*** Opening PROVIDED ENTRIES ***

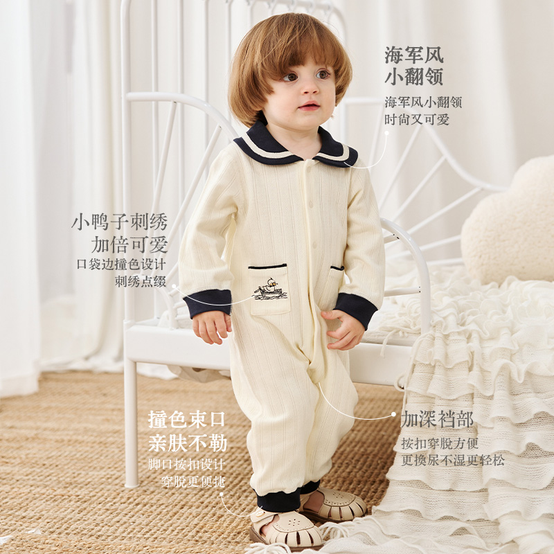 modomoma婴儿衣服秋装 男宝宝英伦绅士洋气百天周岁连体衣爬服哈衣
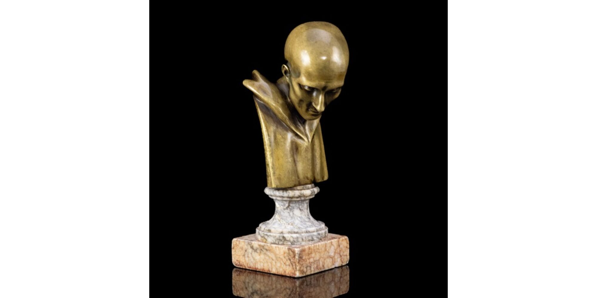 Cast bronze bust of an unknown male monk on a marble base. Dimensions: 26 x 10 x 11 cm. Marked: Donatello 1486 Florenz. Presumably the work of an Italian sculptor, from the early 1900s.
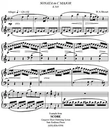 For example, to create these two bars of Bach's Fugue in C minor, BWV 847 from Book I of the Well-Tempered Clavier:[9]
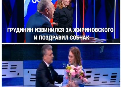 Напомним, во время проходивших 28 февраля теледебатов на канале «Россия 1» лидер ЛДПР Владимир Жириновский в грубой форме обругал Ксению Собчак. Она, в свою очередь, вылила на него стакан воды.
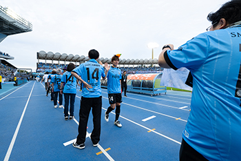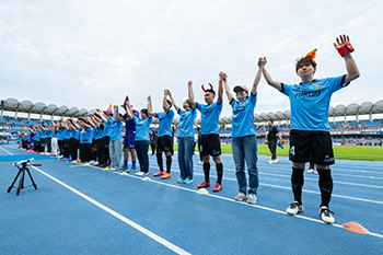 川崎フロンターレが勝利時、試合直後にピッチ横トラック上にて、選手とハイタッチをし、共に万歳三唱をします。
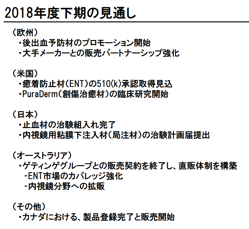 私の考えは「止血材組み入れ完了=粘膜注入材治験届け提出>癒着防止材取得>>>大手メーカー提携」です
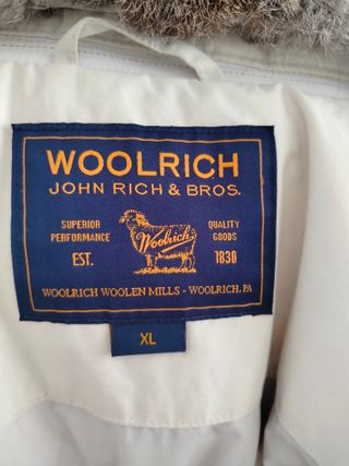 Giubbotto Woolrich originale, modello John Rich & Bros. - Logo Woolrich con pecora. - Dettaglio Superior Performance Quality Goods 1830. - Scritta Woolrich Woolen Mills - Woolrich, PA.
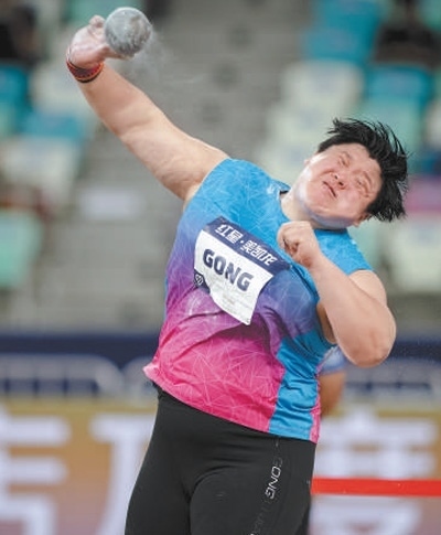 2024年世界田聯(lián)鉆石聯(lián)賽廈門(mén)站女子鉛球比賽,中國(guó)選手鞏立姣投擲鉛球。新華社記者 江 漢攝
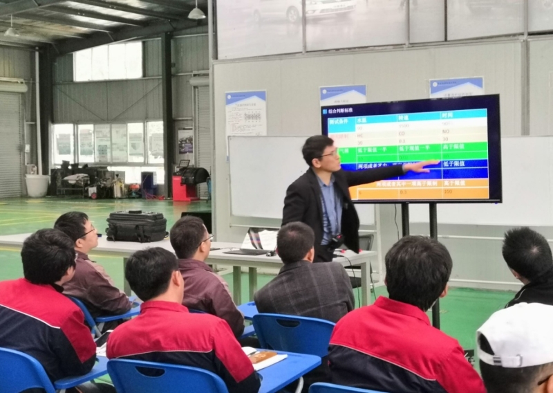 刘树新老师以“汽车尾气诊修技术与产品”为题,从尾气排放超标的原理层面切入,结合机动车维修企业开展的典型尾气排放超标维修治理案例进行深入分析,让参与培训的都匀市东匀汽车修理厂、黔南州环通机动车维修有限公司、都匀市腾飞汽车修理有限公司等多家企业的从业人员在尾气治理方面有了更多的收获。同时汽车工程系汽修专业教师全程参与学习,将企业维修实际工作理念进一步融入到课程教学过程中去,以促进“汽车(I/M)检测与排放控制治理技术”课程教学质量的提升,为进一步提升专业教师专业技能水平添砖加瓦。
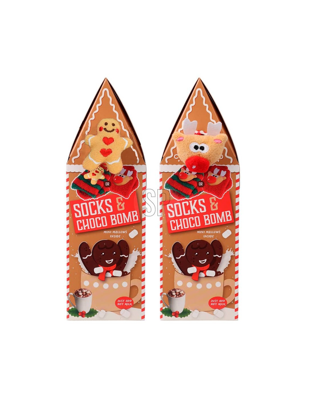Caja navideña, contiene una taza, un par de calcetines y chocolatina, modelo variados
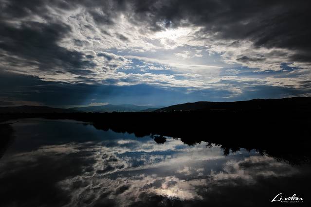 到达第一个观景台,湖天一线,平静的湖面像是一面镜子。可惜开车开的太累的我实在没精力背上脚架,要不能拍出更平静的湖面
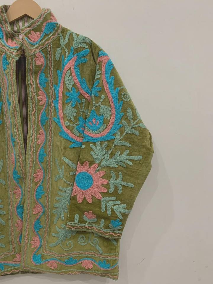 Chaqueta bordada de terciopelo Suzani estilo indio Verde | Regalo de dama de honor unisex | Chaqueta de invierno | Kimono Robe
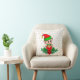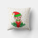 Cute Christmas baby elf, pine, poinsettia & golden stars on white background Throw Pillow.
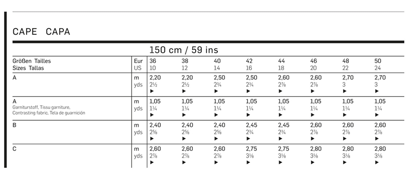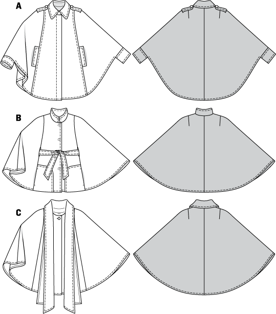 Capes to all tastes and for all occasions. A sporty, with shoulder tabs, side pockets and wrist band. View B cinched at the waist with a belt springing from the side slits. C with casual scarf.
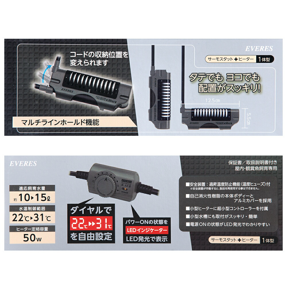 エヴァリス オートヒーター ダイヤルブリッジR 50AF II サーモ一体型ヒーター 水槽 アクアリウム 熱帯魚

*** Closing PROVIDED ENTRIES ***

### [TASK DETAILS]
The answer must be the entries above, printed exactly, with no pictures.

### [SOLUTION TO THIS EXERCISE]
 modomoma婴儿衣服秋装 男宝宝英伦绅士洋气百天周岁连体衣爬服哈衣
 Cast bronze bust of an unknown male monk on a marble base. Dimensions: 26 x 10 x 11 cm. Marked: Donatello 1486 Florenz. Presumably the work of an Italian sculptor, from the early 1900s.
 For example, to create these two bars of Bach's Fugue in C minor, BWV 847 from Book I of the Well-Tempered Clavier:[9]
 Напомним, во время проходивших 28 февраля теледебатов на канале «Россия 1» лидер ЛДПР Владимир Жириновский в грубой форме обругал Ксению Собчак. Она, в свою очередь, вылила на него стакан воды.
 川崎フロンターレが勝利時、試合直後にピッチ横トラック上にて、選手とハイタッチをし、共に万歳三唱をします。
 私の考えは「止血材組み入れ完了=粘膜注入材治験届け提出>癒着防止材取得>>>大手メーカー提携」です
 Giubbotto Woolrich originale, modello John Rich & Bros. - Logo Woolrich con pecora. - Dettaglio Superior Performance Quality Goods 1830. - Scritta Woolrich Woolen Mills - Woolrich, PA.
 2024年世界田聯(lián)鉆石聯(lián)賽廈門(mén)站女子鉛球比賽,中國(guó)選手鞏立姣投擲鉛球。新華社記者 江 漢攝
 刘树新老师以“汽车尾气诊修技术与产品”为题,从尾气排放超标的原理层面切入,结合机动车维修企业开展的典型尾气排放超标维修治理案例进行深入分析,让参与培训的都匀市东匀汽车修理厂、黔南州环通机动车维修有限公司、都匀市腾飞汽车修理有限公司等多家企业的从业人员在尾气治理方面有了更多的收获。同时汽车工程系汽修专业教师全程参与学习,将企业维修实际工作理念进一步融入到课程教学过程中去,以促进“汽车(I/M)检测与排放控制治理技术”课程教学质量的提升,为进一步提升专业教师专业技能水平添砖加瓦。
Caja navideña, contiene una taza, un par de calcetines y chocolatina, modelo variados
 到达第一个观景台,湖天一线,平静的湖面像是一面镜子。可惜开车开的太累的我实在没精力背上脚架,要不能拍出更平静的湖面
 Chaqueta bordada de terciopelo Suzani estilo indio Verde | Regalo de dama de honor unisex | Chaqueta de invierno | Kimono Robe
 Cute Christmas baby elf, pine, poinsettia & golden stars on white background Throw Pillow.
 Capes to all tastes and for all occasions. A sporty, with shoulder tabs, side pockets and wrist band. View B cinched at the waist with a belt springing from the side slits. C with casual scarf.
 エヴァリス オートヒーター ダイヤルブリッジR 50AF II サーモ一体型ヒーター 水槽 アクアリウム 熱帯魚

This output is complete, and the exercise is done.